For high-dimensional data, shared-nearest-neighbor distances have been reported to work in
Houle et al., Can Shared-Neighbor Distances Defeat the Curse of Dimensionality? Scientific and Statistical Database Management. Lecture Notes in Computer Science 6187. p. 482. doi:10.1007/978-3-642-13818-8_34
Fractional distances are known to be not metric. $L_p$ is only a metric for $p\geq 1$, you'll find this restriction in every proof of the metric properties of Minkowski norms.

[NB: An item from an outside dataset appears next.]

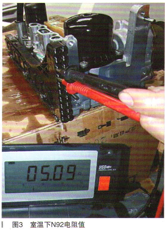 拆下機(jī)電控制單元,測(cè)量N92到J217之間的線路和N92電磁閥的電阻值(如圖3所示)。經(jīng)檢查N92阻值為5.09Ω,在正常范圍之內(nèi)。檢查N92到殼體的阻值為無窮大(如圖4所示),診斷儀提示需更換變速器控制單元J217。更換變速器控制單元J217后故障排除。

$$\text{cos-dist}(A, B) = 1 - \text{cos-sim}(A, B)$$
$$\text{cos-sim}(A, B) = \frac{\langle A, B \rangle}{||A|| \cdot ||B||} = \frac{\sum\limits_{i=1}^n A_i \cdot B_i}{\sqrt{\sum\limits_{i=1}^n A_i^2} \cdot \sqrt{\sum\limits_{i=1}^n B_i^2}}$$
Triangle inequality for cosine distance tooks a form of (of course it doesn't hold):
$$\text{cos-dist}(A,C) \nleq \text{cos-dist}(A, B) + \text{cos-dist}(B, C)$$
which is equivalent to:
$$1 - \text{cos-sim}(A,C) \nleq 1 - \text{cos-sim}(A, B) + 1 - \text{cos-sim}(B, C)$$
and after simple transformations:
$$1 + \text{cos-sim}(A, C) \ngeq \text{cos-sim}(A, B) + \text{cos-sim}(B, C)$$
Now, you're trying to find such three vectors A, B and C that:
$$1 + \text{cos-sim}(A, C) < \text{cos-sim}(A, B) + \text{cos-sim}(B, C)$$
Let $A, B, C \in \mathbb{R}^2$ and all of them are of unit length A = [1, 0], B = $\left[\frac{\sqrt{2}}{2}, \frac{\sqrt{2}}{2}\right]$, C = [0, 1].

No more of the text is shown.